----- Supplied material
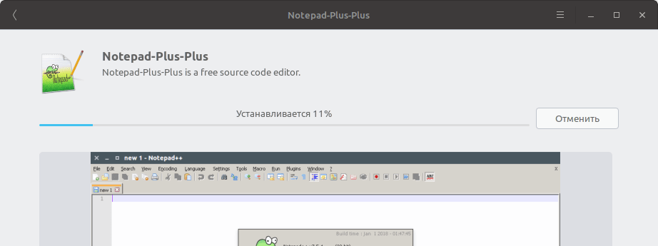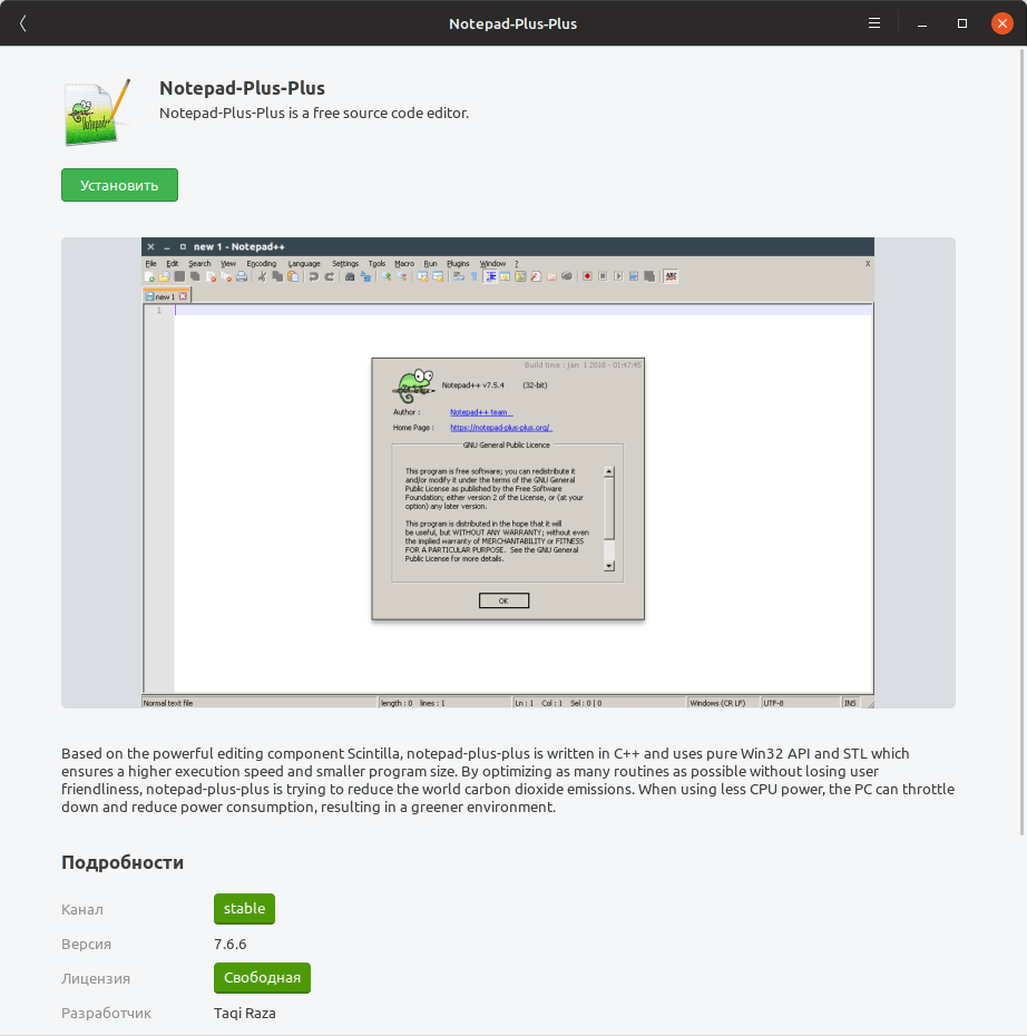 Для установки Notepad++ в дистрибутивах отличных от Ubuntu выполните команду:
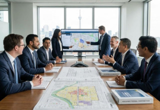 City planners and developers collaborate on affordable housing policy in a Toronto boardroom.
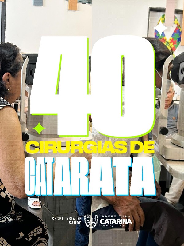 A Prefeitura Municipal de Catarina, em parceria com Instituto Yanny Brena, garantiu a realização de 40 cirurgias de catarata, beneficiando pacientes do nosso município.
----------
----- Supplied material
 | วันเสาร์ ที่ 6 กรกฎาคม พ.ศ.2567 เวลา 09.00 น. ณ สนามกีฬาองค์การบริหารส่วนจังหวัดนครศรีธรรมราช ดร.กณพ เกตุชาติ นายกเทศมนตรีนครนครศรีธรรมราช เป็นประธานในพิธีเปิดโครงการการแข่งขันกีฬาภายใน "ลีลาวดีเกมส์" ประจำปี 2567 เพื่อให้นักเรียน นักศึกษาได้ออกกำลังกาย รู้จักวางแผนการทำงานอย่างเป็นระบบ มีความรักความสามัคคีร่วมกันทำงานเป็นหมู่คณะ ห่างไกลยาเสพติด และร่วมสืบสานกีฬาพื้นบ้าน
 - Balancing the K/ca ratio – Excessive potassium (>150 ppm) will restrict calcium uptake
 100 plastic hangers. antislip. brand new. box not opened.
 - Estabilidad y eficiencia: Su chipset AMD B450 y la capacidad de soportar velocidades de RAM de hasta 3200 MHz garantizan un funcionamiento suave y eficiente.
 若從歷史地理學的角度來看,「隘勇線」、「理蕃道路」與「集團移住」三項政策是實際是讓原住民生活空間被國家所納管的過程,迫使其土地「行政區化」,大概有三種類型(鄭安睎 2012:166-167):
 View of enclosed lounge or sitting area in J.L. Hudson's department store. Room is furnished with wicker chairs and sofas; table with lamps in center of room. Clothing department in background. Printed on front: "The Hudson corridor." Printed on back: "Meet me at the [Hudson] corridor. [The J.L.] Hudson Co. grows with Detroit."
----------
### What to produce
Reproduce the lines above, beginning at the line with "- Balancing the" and stopping after the line with "若從歷史地理學的角度來看,「", exactly as they are.

### Task solution
 - Balancing the K/ca ratio – Excessive potassium (>150 ppm) will restrict calcium uptake
 100 plastic hangers. antislip. brand new. box not opened.
 - Estabilidad y eficiencia: Su chipset AMD B450 y la capacidad de soportar velocidades de RAM de hasta 3200 MHz garantizan un funcionamiento suave y eficiente.
 若從歷史地理學的角度來看,「隘勇線」、「理蕃道路」與「集團移住」三項政策是實際是讓原住民生活空間被國家所納管的過程,迫使其土地「行政區化」,大概有三種類型(鄭安睎 2012:166-167):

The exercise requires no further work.